Unlike Pepe Coin, DOGE Hasn’t Joined the Meme-rally: Why?

Lavina Daryanani
Source: Figma

The crypto market conventionally oscillates between the Bitcoin season and the Altcoin season. However, with meme-coins like Pepe [PEPE] rallying now, community members have come up with a new season name: Meme-coin season.

It all started a few weeks back when prominent memes started climbing up the charts, defying the broader sluggish trend. Baby Doge Coin and Shiba Inu’s BONE had the baton initially. It was then passed on to the new kid on the block, Pepe.

Pepe has been under the spotlight over the past couple of weeks now. In the beginning, it was perceived that its hype phase will end soon. However, that hasn’t been the case. Despite a recent setback, Pepe continues to trade in profit.

Dogecoin has, however, sidelined itself from the meme-coin rally party. As shown below, DOGE has shed around 16% of its value since mid-April. In the same time period, Pepe has inclined by more than 5100%, ballooning up the fortunes of traders and early investors.

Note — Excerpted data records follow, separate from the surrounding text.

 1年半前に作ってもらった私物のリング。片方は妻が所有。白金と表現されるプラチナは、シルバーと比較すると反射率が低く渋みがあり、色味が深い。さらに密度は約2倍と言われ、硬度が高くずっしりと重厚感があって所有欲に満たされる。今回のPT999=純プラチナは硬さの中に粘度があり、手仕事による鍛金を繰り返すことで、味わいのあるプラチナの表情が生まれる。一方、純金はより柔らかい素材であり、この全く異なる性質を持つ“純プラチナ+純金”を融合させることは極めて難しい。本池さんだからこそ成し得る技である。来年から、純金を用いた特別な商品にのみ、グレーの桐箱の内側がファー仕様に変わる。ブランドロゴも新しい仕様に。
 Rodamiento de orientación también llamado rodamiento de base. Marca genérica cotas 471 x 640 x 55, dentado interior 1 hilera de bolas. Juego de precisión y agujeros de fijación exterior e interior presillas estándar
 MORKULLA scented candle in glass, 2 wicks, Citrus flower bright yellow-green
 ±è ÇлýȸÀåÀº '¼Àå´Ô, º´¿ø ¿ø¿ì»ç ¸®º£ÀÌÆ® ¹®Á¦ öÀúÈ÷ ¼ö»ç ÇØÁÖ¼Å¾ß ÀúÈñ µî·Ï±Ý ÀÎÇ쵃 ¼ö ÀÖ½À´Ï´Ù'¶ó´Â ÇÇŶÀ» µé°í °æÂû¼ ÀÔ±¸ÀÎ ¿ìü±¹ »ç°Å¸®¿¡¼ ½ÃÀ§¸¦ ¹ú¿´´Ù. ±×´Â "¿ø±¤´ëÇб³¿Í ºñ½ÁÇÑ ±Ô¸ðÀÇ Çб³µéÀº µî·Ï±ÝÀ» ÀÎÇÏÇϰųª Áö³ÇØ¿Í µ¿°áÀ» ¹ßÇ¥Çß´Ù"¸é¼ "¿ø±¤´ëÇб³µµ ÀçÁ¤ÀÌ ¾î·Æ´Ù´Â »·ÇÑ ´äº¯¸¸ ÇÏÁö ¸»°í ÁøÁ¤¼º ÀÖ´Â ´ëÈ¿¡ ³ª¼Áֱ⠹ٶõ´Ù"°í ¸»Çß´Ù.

DOGE/USDT, PEPE/USDT by TradingView

Also Read: Not Dogecoin! PEPE is the “Most Memeable Memecoin” Right Now

Why is Dogecoin being left-out?

Dogecoin’s correlation with Bitcoin has been dipping lately. As shown below, the curve is currently pointing down south and reflecting a value of 0.35. So, what does this mean?

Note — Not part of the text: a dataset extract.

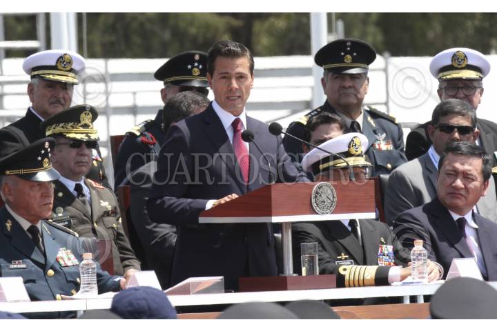 TECÁMAC, ESTADO DE MÉXICO, 26ABRIL2017.- El Presidente Enrique Peña Nieto encabezó la inauguración de la Feria Aeroespacial México 2017 en la Base Aérea Militar de Santa Lucía donde dijo que gracias al trabajo coordinado entre industria, academia y autoridades, el sector aeroespacial se ha convertido en uno de los más dinámicos y estratégicos de nuestra economía. FOTO: PRESIDENCIA /CUARTOSCURO.COM
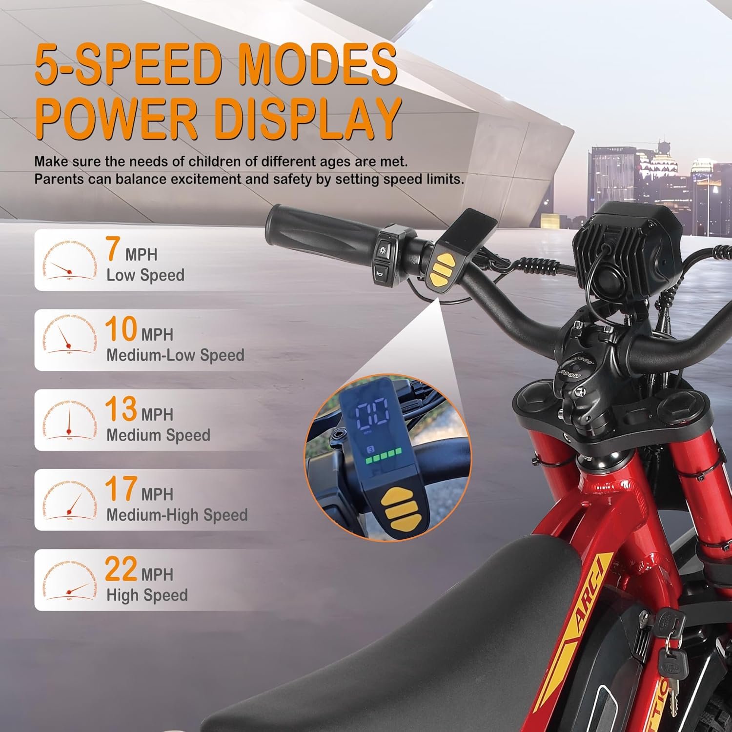 🚀 Safe & Powerful 750W Dirt Bike for Young Rider (Ages 5-8): TUTTIO ARC-I kids electric dirt bike is designed specifically for children’s first e-bike experience, which is equipped with a powerful 750W high-torque motor, and can reach top speed of 22MPH. The child-sized twist grip throttle is ergonomically designed for small hands, and 5 adjustable speed modes (7MPH, 10MPH, 13MPH, 17MPH and 22MPH) allow gradual skill development under parental supervision with safety as the core goal.

A healthy correlation usually indicates that the prices of two assets are closely-knit and dependent on each other. On the other hand, a weakening correlation suggested that their bond is breaking.

Thus, looking at the current state, it can be contended that Dogecoin is not in a good position to benefit, if at all a broader market recovery transpires. However, this also means that its damage will likely be minimal when things go haywire in the macro market. In a nutshell, Dogecoin is at that juncture where its price movements will be determined by what traders and investors within its ecosystem do, rather than it following Bitcoin’s cues.

Source: ITB

At the moment, things do not seem to be glossy for Dogecoin. The average time held off the transacted coins has dropped by over 61% over the past week, indicating that investors’ holding period of Dogecoin is shrinking. For a Dogecoin to bid adieu to its horizontal trend and initiate an uptrend, it is quite essential for holders’ conviction to refine. Without that happening, it’d be difficult for Dogecoin to organically rise.